[To do]: In the material below, find the line with "Epoque Wall ist" and the line with "- Woolrich 1830 Crew-Aufdruck auf der Brust.", then output both and every line between them exactly, omitting pictures.

[Listed records]:
- Opening Delimiter -
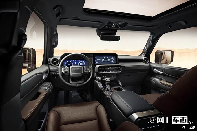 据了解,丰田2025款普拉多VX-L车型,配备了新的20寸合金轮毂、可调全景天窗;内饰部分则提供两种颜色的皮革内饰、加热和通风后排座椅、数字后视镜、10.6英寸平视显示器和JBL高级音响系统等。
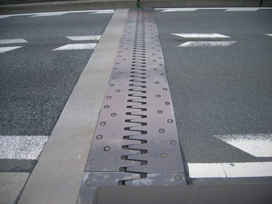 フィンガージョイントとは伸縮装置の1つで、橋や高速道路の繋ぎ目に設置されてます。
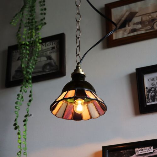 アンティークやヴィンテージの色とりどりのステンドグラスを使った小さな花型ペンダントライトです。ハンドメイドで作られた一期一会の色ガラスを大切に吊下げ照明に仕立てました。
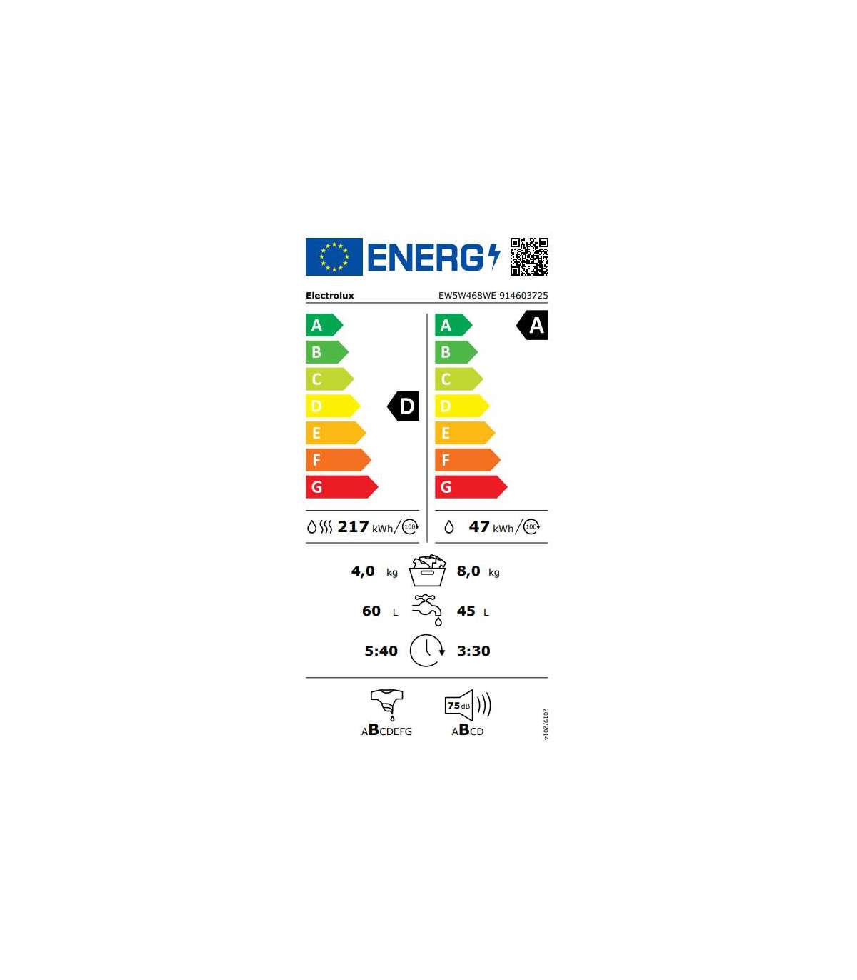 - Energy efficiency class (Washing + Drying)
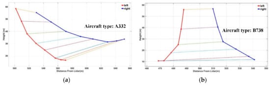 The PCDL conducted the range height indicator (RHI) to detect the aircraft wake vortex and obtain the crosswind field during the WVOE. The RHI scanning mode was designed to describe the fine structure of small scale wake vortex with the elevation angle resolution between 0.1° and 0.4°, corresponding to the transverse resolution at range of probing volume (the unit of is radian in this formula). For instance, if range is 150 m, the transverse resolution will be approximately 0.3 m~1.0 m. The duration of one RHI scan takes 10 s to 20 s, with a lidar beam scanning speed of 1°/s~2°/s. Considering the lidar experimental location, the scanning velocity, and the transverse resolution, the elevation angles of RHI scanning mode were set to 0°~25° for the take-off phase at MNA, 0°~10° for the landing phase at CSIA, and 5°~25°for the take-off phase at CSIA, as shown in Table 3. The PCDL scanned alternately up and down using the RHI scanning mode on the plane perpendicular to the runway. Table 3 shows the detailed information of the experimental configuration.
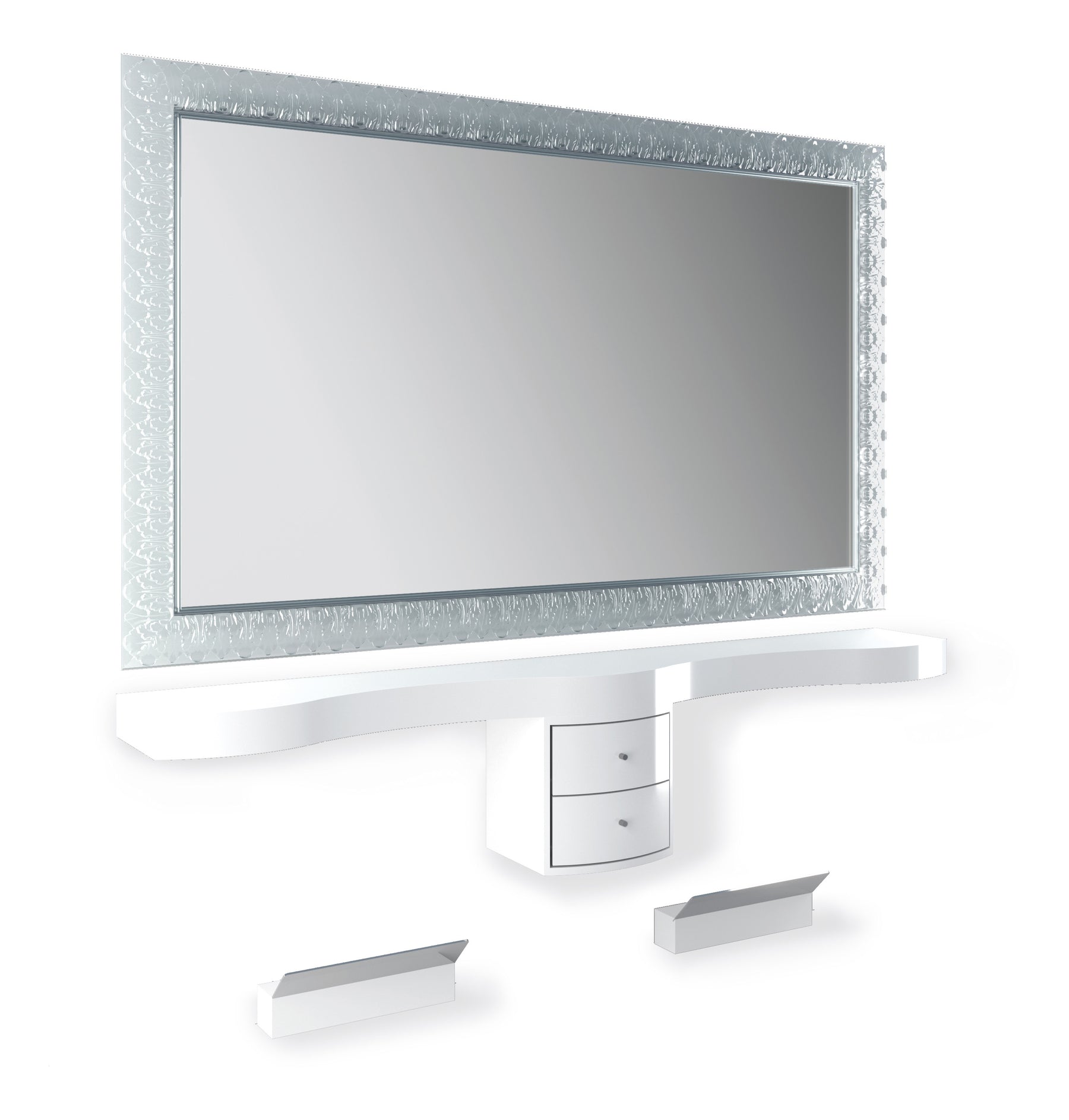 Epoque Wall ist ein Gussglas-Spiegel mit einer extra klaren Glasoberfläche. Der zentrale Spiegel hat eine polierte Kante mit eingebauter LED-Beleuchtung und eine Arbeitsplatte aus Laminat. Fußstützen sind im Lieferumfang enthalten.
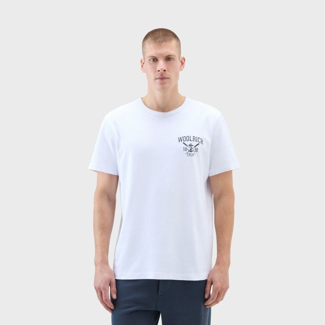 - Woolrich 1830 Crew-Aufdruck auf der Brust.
- Closing Delimiter -
- Opening Delimiter -
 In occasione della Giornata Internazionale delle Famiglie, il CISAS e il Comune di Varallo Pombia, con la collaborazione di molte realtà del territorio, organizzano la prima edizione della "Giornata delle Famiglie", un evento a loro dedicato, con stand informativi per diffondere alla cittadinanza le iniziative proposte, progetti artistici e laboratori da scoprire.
- Closing Delimiter -
[Answer space]:
 Epoque Wall ist ein Gussglas-Spiegel mit einer extra klaren Glasoberfläche. Der zentrale Spiegel hat eine polierte Kante mit eingebauter LED-Beleuchtung und eine Arbeitsplatte aus Laminat. Fußstützen sind im Lieferumfang enthalten.
 - Woolrich 1830 Crew-Aufdruck auf der Brust.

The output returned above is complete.